BEGIN

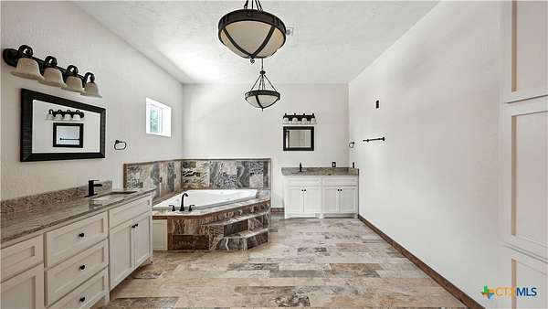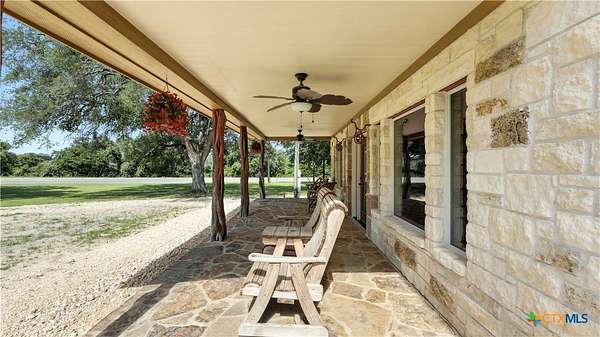 Multi-Generational Ranch Compound with Guest Casita. Immaculate ranch property featuring a serene pond, wet-weather creek, historic oak trees, and improved Tifton 85 hay pasture. Perimeter and cross-fencing set up for efficient cattle rotation plus working pins, equipment barn, feed storage, and a massive carport with outdoor kitchen potential. The custom home offers dual primary suites with spa-like baths and walk-in closets, a chef's kitchen with 5-burner gas range, double ovens, granite countertops, island, and walk-in pantry. Enjoy an open layout with a barrel ceiling, stone fireplace, bay window, and natural woodwork. Additional guest bedrooms upstairs. Separate guest casita includes a full kitchen, living, dining, bedroom, and bath. Private gated entrance. Agriculture valuation in place. Ideal for multi-generational living, ranching, or a private retreat.
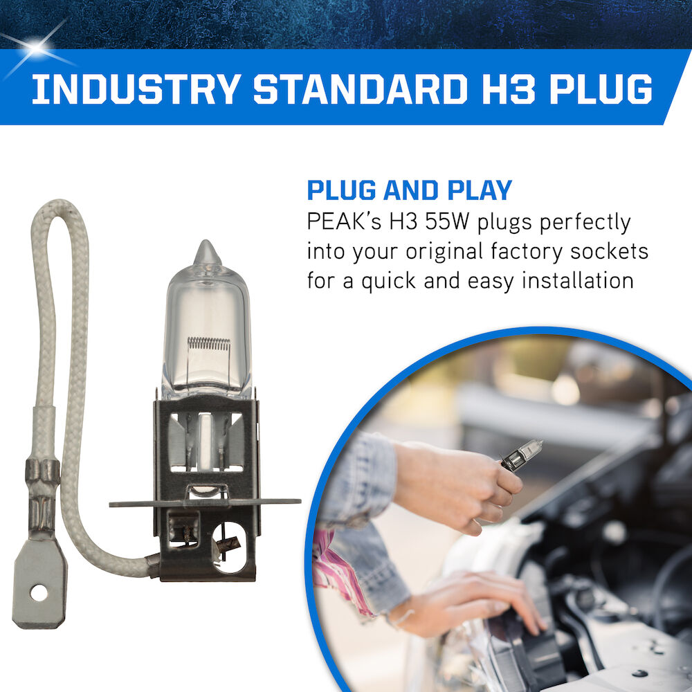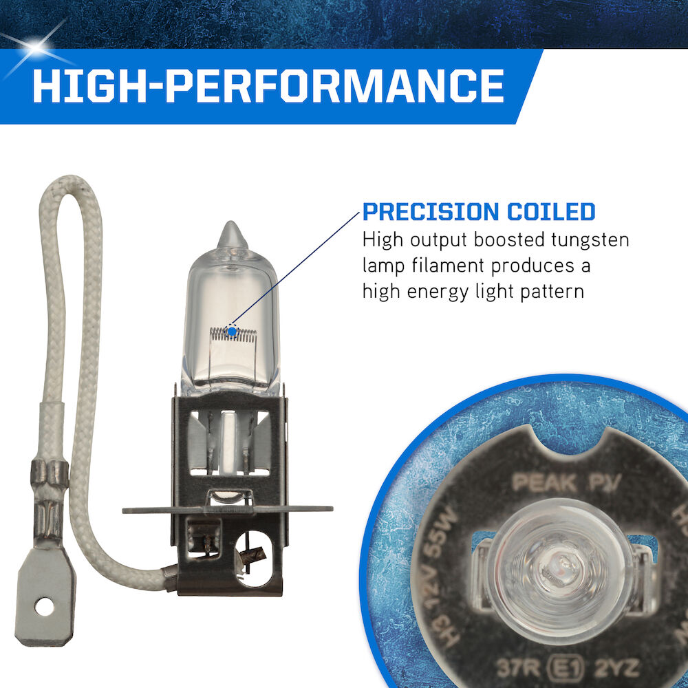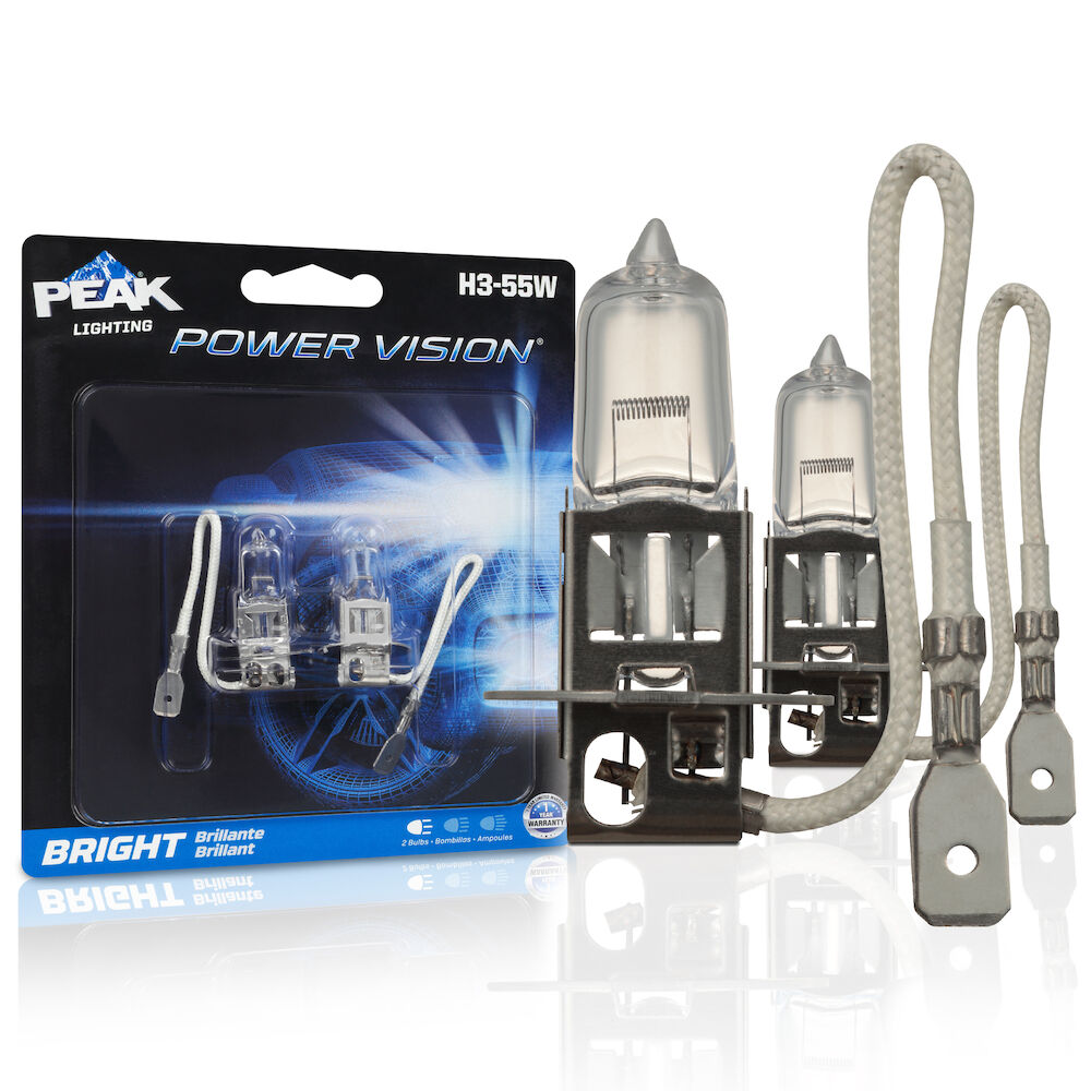 Upgrade your vehicle and make driving safer with the PEAK Power Vision Automotive High Performance H3 55W Headlights. These tungsten filament headlights provide a direct fit replacement for your factory headlights and produce a whiter light than standard halogen headlamps. The lights' mixed halogen cycle gases and precision-coiled filament produce a high output that increases visibility while driving at night to help you drive safer. These 55W headlights are compatible with all vehicles and headlamp configurations that accept H3 bulbs, providing an easy and direct fit for several cars, trucks, vans, and SUVs. The PEAK Power Vision Automotive High Output Performance H3 55W Headlights are also available in Silver and Gold output levels. PEAK’s parent company, Old World Industries, is an independent, family-owned business that has been a leader in the development and distribution of high-quality automotive products for over four decades. The PEAK brand has always been a little different – and always about the customers that are passionate about life and their vehicles. Over four decades of American ingenuity in developing world-class products that meet or exceed industry performance and quality standards. PEAK exists to deliver peak performance, so our customers get more out of their vehicles…and more out of life.
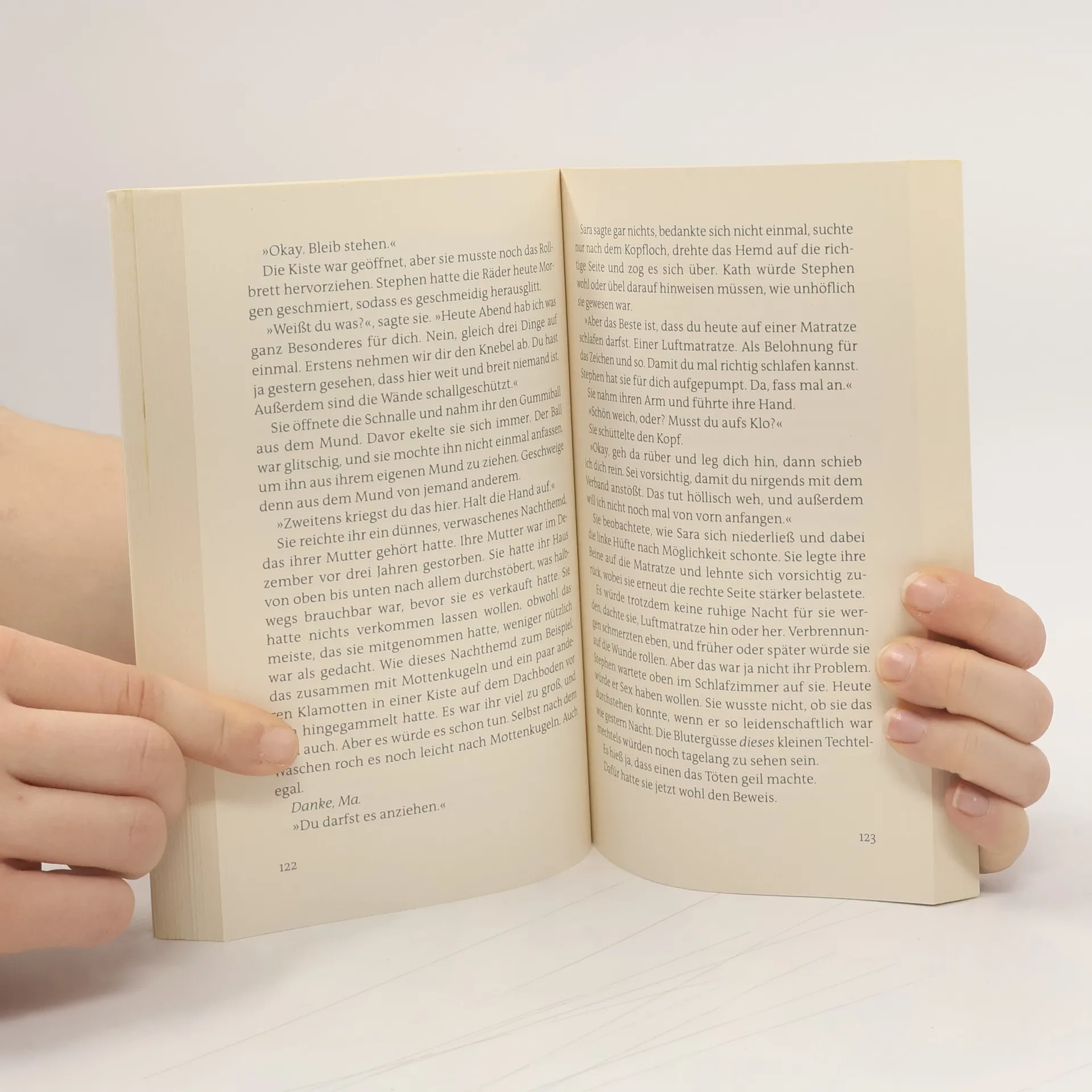 »Ihr erster Gedanke war, dass man sie lebendig begraben hatte. Dass sie sich in einem Sarg befand. Unter ihrem Rücken spürte sie Holz, und dicke Bretter auch zu ihrer Linken und zu ihrer Rechten, so nah, dass sie gerade noch den Arm heben konnte, um zu erfühlen, dass auch über ihr Holz war. Nie zuvor hatte sie Angst vor engen Räumen gehabt. Doch dieser Raum machte ihr große Angst.«
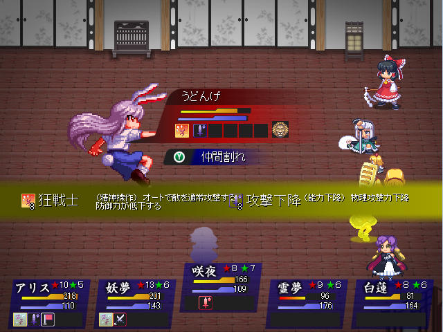 狂戦士になっている間は通常攻撃しかしてこないので、うどんげの攻撃能力をほぼ封じる事が出来る
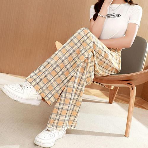 마켓피아 여성용 캐주얼 격자 체크 와이드 팬츠
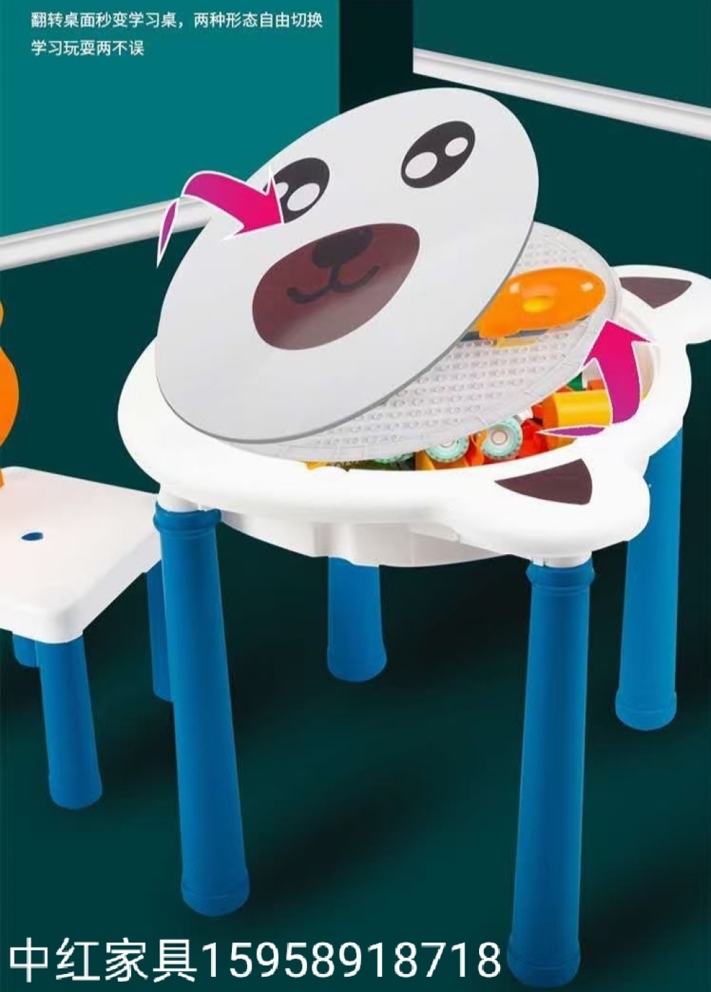 多功能儿童益智积木桌拼装DIY大颗粒玩具学习桌子游戏桌子带椅子 投诉
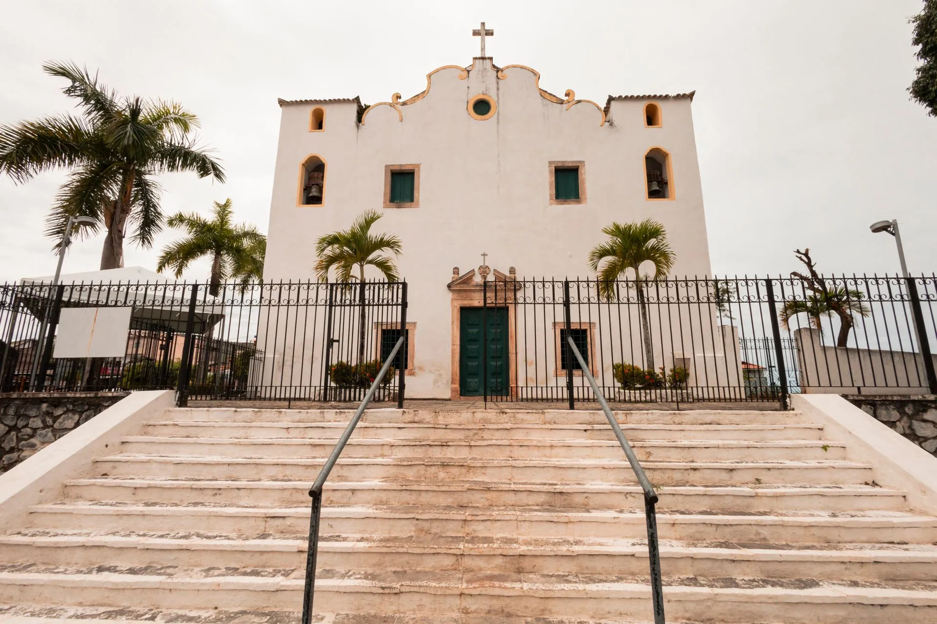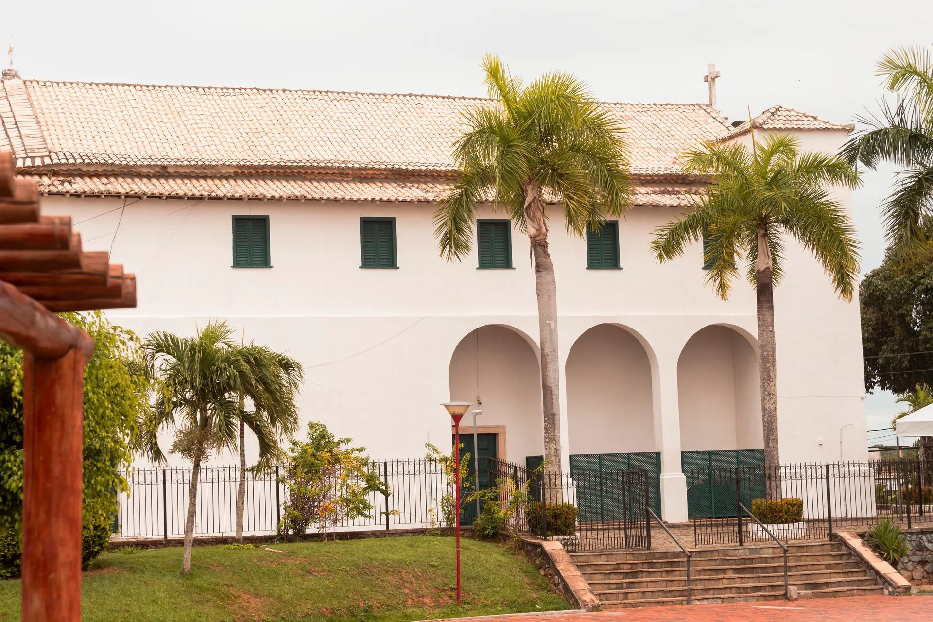 A fachada da igreja é marcante, com torres baixas cobertas por telhados em forma de pirâmide e um frontão com detalhes curvos e um óculo circular. A entrada principal é em arenito e tem duas janelas com grades de ferro e molduras de arenito ao lado.

END

▶ **What the exercise asks**
Only the lines from the one containing "Gedanke war, dass" through the last line of the data belong in the copy, both included and reproduced exactly. Pictures do not.

▶ **Task response**
 »Ihr erster Gedanke war, dass man sie lebendig begraben hatte. Dass sie sich in einem Sarg befand. Unter ihrem Rücken spürte sie Holz, und dicke Bretter auch zu ihrer Linken und zu ihrer Rechten, so nah, dass sie gerade noch den Arm heben konnte, um zu erfühlen, dass auch über ihr Holz war. Nie zuvor hatte sie Angst vor engen Räumen gehabt. Doch dieser Raum machte ihr große Angst.«
 狂戦士になっている間は通常攻撃しかしてこないので、うどんげの攻撃能力をほぼ封じる事が出来る
 마켓피아 여성용 캐주얼 격자 체크 와이드 팬츠
 多功能儿童益智积木桌拼装DIY大颗粒玩具学习桌子游戏桌子带椅子 投诉
 A fachada da igreja é marcante, com torres baixas cobertas por telhados em forma de pirâmide e um frontão com detalhes curvos e um óculo circular. A entrada principal é em arenito e tem duas janelas com grades de ferro e molduras de arenito ao lado.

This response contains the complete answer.